1. Pigeonhole theorem problem

Problem #1:
Suppose N objects are distributed between B boxes in such a way that no box is empty. How many objects must we choose in order to be sure that we have chosen the entire contents of at least one box?

My strategy was to find out the maximum number of contents one box can have, say M.
Then if I choose M objects I can satisfy the given task.
But I'm stuck on finding this maximum number.
I know that by using the pigeonhole principle, I can say at least one box has at most or at least some number of contents.
How can I say all boxes have at most some number of contents?

Problem #2:
There are twelve signs of the Western Zodiac. Suppose there are 145 people in a room. Show that there must be 13 people who share the same sign of the Western Zodiac.

I'm confused about the wording. Is the problem different from "show that there must be at least 13 people who share a zodiac"?
If so, I need hints to find how to narrow down from saying "at least 13 people share one zodiac" to "exactly 13 people share one zodiac".

2. Re: Pigeonhole theorem problem

in #2 you are splitting 145 objects between 12 groups. Consider the case when the objects are most spread out

3. Re: Pigeonhole theorem problem

Originally Posted by Yuuki
Problem #1:
Suppose N objects are distributed between B boxes in such a way that no box is empty. How many objects must we choose in order to be sure that we have chosen the entire contents of at least one box?

Problem #2:
There are twelve signs of the Western Zodiac. Suppose there are 145 people in a room. Show that there must be 13 people who share the same sign of the Western Zodiac.
I have absolutely no idea what #1 means.

For #2, if there are 12 boxes and 144 balls then if you put all of the balls into the boxes is it possible that each box contains at most 12 balls?
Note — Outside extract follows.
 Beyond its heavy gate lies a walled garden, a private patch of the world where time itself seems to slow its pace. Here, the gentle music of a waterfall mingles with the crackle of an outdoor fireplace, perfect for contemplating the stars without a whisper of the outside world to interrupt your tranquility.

4. Re: Pigeonhole theorem problem

Thank you, I realized where I was stuck on #2.
I thought there had to be some zodiac-subset that had contained precisely 13 people and no more.
But if 15 people had the same zodiac, it would still be true that 13 out of these 15 share the same zodiac, right?
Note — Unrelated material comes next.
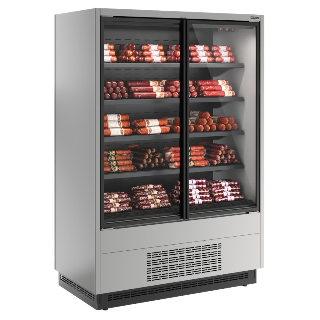 Горка холодильная Carboma FC20-07 VV 1,3-1 0030 STANDARD фронт X1 (версия 2.0) (9006-9005) (бок металл с зеркалом) применяется в предприятиях общественного питания и торговли для эффективного охлаждения, кратковременного хранения и предпродажной демонстрации напитков, мясных и птицеводческих продуктов, полуфабрикатов, молочной и гастрономической продукции.

5. Re: Pigeonhole theorem problem

I believe your method for #1 is correct, when they say choose they mean remove. If no box can be empty then the maximum number in 1 box is N-B+1

6. Re: Pigeonhole theorem problem

Thanks Shakarri.

So after I put one item in each box so that no box is empty, I have N-B objects left.
If I put all of that in one box, that box will have the max number of contents possible.
Since this box has N-B+1 objects in it, choosing N-B+1, I'm guaranteed to exhaust at least one box?